This tool records, aggregates, and displays call stacks from interesting ETW events across the system. It resolves .NET symbols by using the CLRMD library to inspect the CLR data structures, which means it does not require CLR rundown events or NGen PDB files to be generated. On the other hand, it works only in live mode, when the collection and analysis happens on the target system. Importantly, if the target process exits before the tool had a chance to print stacks, symbol resolution will fail, so it is more suitable for longer-running processes.
NOTE: This project is not done. There are still some unimplemented features, and the code hasn't been extensively tested. Caveat emptor, and pull requests welcome!
Open a command prompt window as administrator, and try some of the following examples.

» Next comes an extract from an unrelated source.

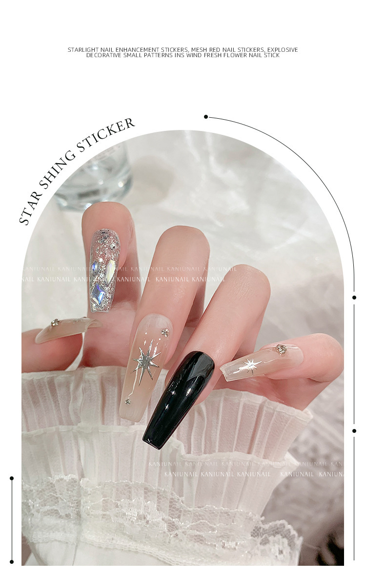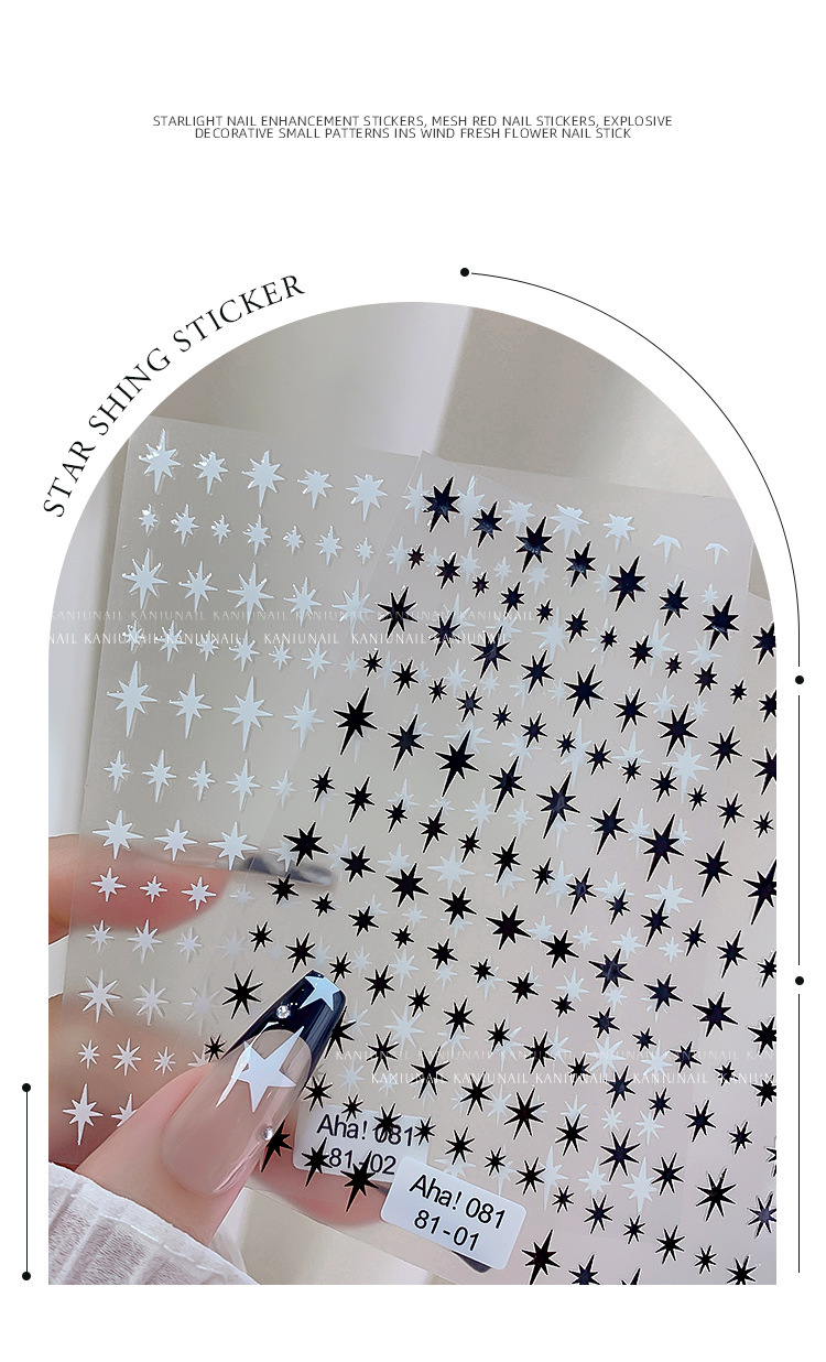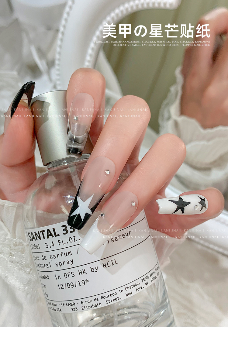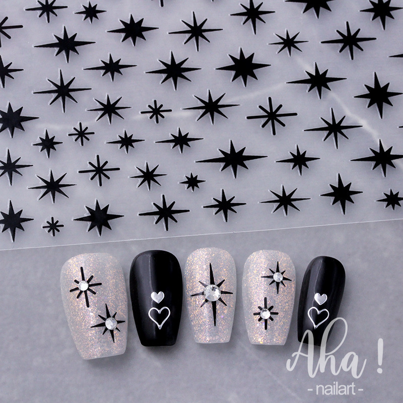 스타 매니큐어 스티커 인터넷 인기 골드 및 실버 스타 블랙 및 화이트 네일 스티커스토어 가기

Collect CPU sampling events system-wide and print the top hottest stacks when Ctrl+C is hit:
LiveStacks
Collect information for a specific process:
LiveStacks -p 7408
Trace stacks for triggered garbage collections (when the application calls GC.Collect()
):
LiveStacks -e clr:gc:gc/triggered
Trace stacks for file I/O operations:
LiveStacks -e kernel:fileioinit
Trace stacks for image load (DLL/EXE) events with a custom display interval (-i) and number of top stacks to display (-T):
LiveStacks -e kernel:imageload -i 1 -T 5
Print stacks in folded format, suitable for direct pass-through to the FlameGraph.pl script, and only print once before quitting (-c).
LiveStacks -c 1 -f
Native process, heavy CPU consumption:
10:47:58 AM
811 [EatCPU 7408]
EatCPU.exe!DoWork+0x27
EatCPU.exe!main+0x47
EatCPU.exe!invoke_main+0x1E
EatCPU.exe!__scrt_common_main_seh+0x15A
EatCPU.exe!__scrt_common_main+0xD
EatCPU.exe!mainCRTStartup+0x8
KERNEL32.DLL!@BaseThreadInitThunk@12+0x24
ntdll.dll!__RtlUserThreadStart+0x2F
ntdll.dll!__RtlUserThreadStart@8+0x1B
400 [EatCPU 7408]
EatCPU.exe!DoWork+0x1E
EatCPU.exe!main+0x47
EatCPU.exe!invoke_main+0x1E
EatCPU.exe!__scrt_common_main_seh+0x15A
EatCPU.exe!__scrt_common_main+0xD
EatCPU.exe!mainCRTStartup+0x8
KERNEL32.DLL!@BaseThreadInitThunk@12+0x24
ntdll.dll!__RtlUserThreadStart+0x2F
ntdll.dll!__RtlUserThreadStart@8+0x1B
The numbers on top (811, 400) are the number of samples captured with this call stack. Then the process name and process ID are displayed, followed by the actual call stack.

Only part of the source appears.